SUPPLIED DATA section start

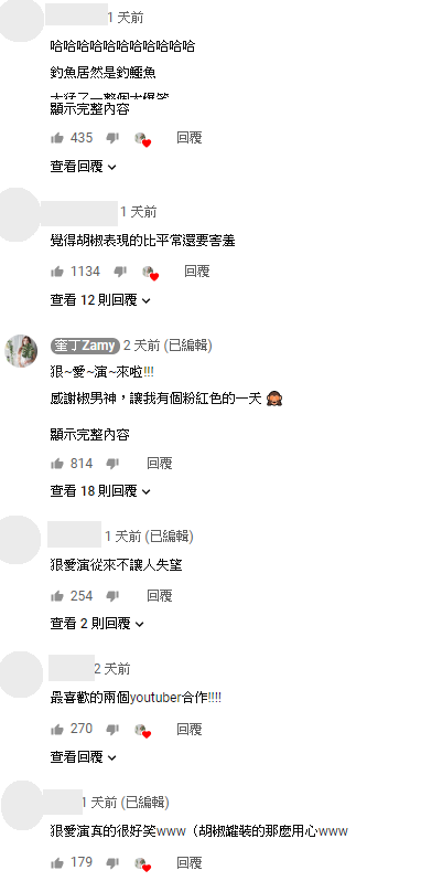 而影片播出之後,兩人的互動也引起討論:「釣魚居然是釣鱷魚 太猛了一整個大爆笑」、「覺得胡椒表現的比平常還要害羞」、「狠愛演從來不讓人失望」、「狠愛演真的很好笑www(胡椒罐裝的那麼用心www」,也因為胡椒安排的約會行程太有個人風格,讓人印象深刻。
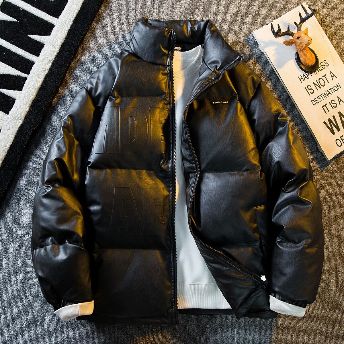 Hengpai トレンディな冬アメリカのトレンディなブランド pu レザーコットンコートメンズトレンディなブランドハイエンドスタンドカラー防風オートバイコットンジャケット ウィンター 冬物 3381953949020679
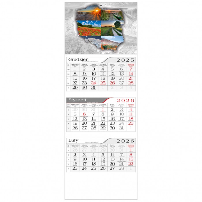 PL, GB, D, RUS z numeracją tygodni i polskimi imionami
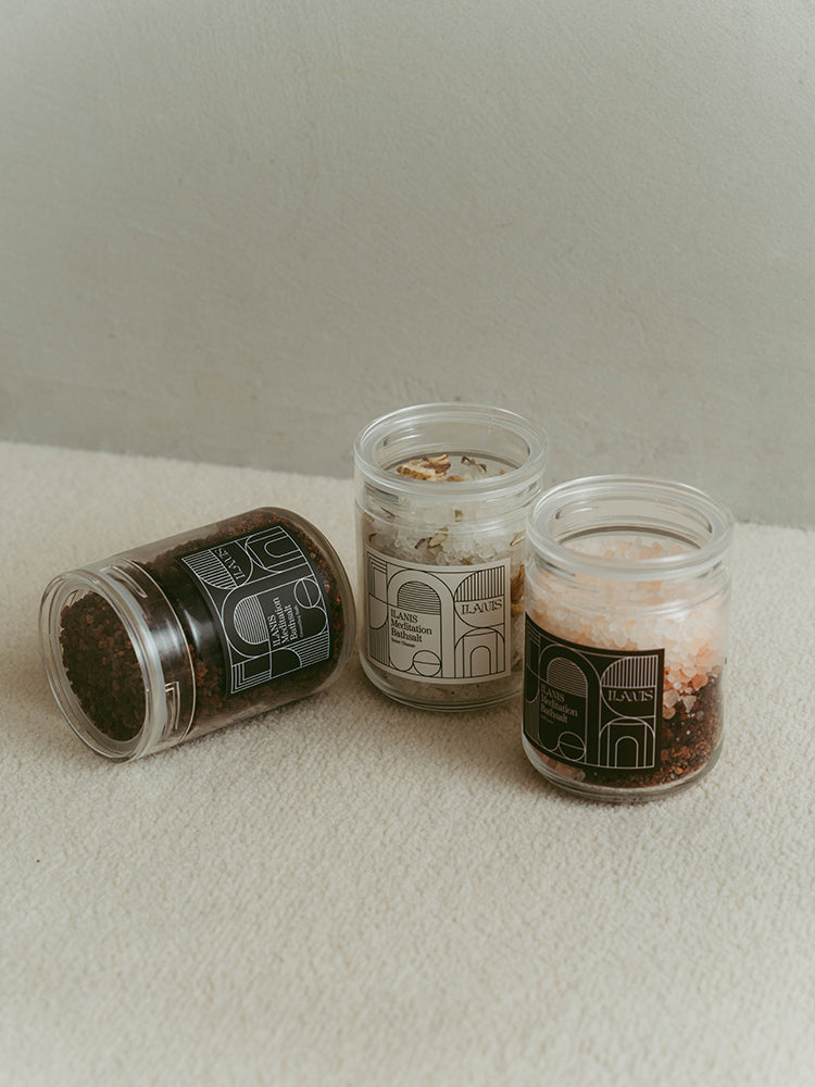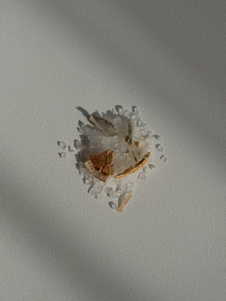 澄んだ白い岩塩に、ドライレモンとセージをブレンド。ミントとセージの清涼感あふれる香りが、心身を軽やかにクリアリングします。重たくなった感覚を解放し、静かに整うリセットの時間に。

SUPPLIED DATA section end

> _ASSIGNMENT_
In your copy, reproduce the data above exactly and skip every picture.

> _REPLY TO THE EXERCISE_
 而影片播出之後,兩人的互動也引起討論:「釣魚居然是釣鱷魚 太猛了一整個大爆笑」、「覺得胡椒表現的比平常還要害羞」、「狠愛演從來不讓人失望」、「狠愛演真的很好笑www(胡椒罐裝的那麼用心www」,也因為胡椒安排的約會行程太有個人風格,讓人印象深刻。
 Hengpai トレンディな冬アメリカのトレンディなブランド pu レザーコットンコートメンズトレンディなブランドハイエンドスタンドカラー防風オートバイコットンジャケット ウィンター 冬物 3381953949020679
 PL, GB, D, RUS z numeracją tygodni i polskimi imionami
 澄んだ白い岩塩に、ドライレモンとセージをブレンド。ミントとセージの清涼感あふれる香りが、心身を軽やかにクリアリングします。重たくなった感覚を解放し、静かに整うリセットの時間に。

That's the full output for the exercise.